One way to overcome this limitation is to generate synthetic training
data using predicted structures. Recent advances in protein structure
prediction (e.g. AlphaFold) mean we can computationally model
protein--ligand complexes and use those for learning. Initial efforts
like the PLINDER dataset demonstrated the promise of this approach. SAIR
was created to dramatically expand on this idea -- providing a massive
repository of computationally folded protein--ligand structures *with*
corresponding experimental affinity values. Our goal is to fill the data
gap and catalyze more accurate and robust ML models for binding affinity
prediction.
# **More Information**
- [Scientific Manuscript](https://go.sandboxaq.com/rs/175-UKR-711/images/sair_paper.pdf)

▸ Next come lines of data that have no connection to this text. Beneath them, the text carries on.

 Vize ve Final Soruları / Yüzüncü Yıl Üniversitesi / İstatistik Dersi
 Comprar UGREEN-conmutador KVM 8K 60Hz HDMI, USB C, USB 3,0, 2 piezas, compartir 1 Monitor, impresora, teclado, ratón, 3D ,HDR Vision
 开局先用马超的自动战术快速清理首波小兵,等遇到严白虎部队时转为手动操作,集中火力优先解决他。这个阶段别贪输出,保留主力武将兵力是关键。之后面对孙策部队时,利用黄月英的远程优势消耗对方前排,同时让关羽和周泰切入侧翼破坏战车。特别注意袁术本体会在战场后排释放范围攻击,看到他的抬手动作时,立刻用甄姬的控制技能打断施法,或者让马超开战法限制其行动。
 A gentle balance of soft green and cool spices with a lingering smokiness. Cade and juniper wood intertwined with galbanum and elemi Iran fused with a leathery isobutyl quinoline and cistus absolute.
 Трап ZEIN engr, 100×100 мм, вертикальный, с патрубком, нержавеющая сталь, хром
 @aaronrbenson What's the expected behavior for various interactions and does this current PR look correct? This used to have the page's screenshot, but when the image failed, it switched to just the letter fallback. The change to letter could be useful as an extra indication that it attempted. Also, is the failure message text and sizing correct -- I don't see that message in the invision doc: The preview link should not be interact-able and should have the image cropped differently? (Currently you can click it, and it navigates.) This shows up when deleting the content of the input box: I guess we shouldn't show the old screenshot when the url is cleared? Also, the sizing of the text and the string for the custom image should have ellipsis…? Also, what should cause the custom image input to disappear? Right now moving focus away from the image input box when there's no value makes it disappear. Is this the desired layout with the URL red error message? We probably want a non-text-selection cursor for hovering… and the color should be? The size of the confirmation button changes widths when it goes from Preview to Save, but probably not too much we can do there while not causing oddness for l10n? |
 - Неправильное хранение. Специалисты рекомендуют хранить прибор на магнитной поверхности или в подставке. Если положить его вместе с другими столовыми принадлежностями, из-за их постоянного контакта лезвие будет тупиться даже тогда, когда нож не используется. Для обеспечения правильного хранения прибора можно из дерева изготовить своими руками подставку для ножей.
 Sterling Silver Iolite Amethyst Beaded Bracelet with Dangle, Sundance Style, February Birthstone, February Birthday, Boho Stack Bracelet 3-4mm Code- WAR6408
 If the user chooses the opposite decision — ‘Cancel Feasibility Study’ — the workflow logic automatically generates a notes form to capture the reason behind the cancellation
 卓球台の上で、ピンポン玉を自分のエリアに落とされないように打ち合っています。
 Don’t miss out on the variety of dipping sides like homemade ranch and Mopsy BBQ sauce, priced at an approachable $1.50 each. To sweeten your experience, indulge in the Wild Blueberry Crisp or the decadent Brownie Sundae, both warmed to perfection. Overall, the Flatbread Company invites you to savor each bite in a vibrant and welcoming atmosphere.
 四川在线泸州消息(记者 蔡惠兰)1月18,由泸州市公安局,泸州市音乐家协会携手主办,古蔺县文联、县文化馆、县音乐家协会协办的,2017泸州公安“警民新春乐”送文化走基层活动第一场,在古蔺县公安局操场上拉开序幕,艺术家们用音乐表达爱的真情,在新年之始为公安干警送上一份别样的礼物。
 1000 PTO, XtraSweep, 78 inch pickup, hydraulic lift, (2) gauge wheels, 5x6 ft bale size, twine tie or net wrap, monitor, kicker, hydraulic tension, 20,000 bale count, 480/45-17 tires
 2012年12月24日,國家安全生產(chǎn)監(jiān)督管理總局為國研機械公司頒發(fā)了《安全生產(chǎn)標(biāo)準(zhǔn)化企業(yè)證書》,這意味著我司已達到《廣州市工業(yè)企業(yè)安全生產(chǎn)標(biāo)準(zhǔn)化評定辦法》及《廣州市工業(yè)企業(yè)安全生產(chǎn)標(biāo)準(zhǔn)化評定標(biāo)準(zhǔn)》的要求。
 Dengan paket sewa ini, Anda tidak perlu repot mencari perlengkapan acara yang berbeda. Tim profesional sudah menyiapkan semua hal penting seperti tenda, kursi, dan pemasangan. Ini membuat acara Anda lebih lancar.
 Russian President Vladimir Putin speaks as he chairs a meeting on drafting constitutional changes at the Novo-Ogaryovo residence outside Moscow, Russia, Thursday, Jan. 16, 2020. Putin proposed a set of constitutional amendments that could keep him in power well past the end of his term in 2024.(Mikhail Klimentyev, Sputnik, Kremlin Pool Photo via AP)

- [Data License](https://storage.cloud.google.com/sandboxaq-sair/LICENSE.txt?authuser=0)
- [Blogpost](https://www.sandboxaq.com/post/sair-the-structurally-augmented-ic50-repository)
# **Contact us about SAIR**
Here at SandboxAQ, we're releasing SAIR to our customers and the world
as just a start on revamping drug discovery. Expect new datasets, AI
models, and transformative solutions to follow, across the drug
development pipeline. If you're interested to learn more about SAIR, or
to see how it or models trained upon it might be expanded to include
targets of special interest to your business, we'd love to hear from
you. Contact us at
**[SAIR@sandboxaq.com](mailto:SAIR@sandboxaq.com)**.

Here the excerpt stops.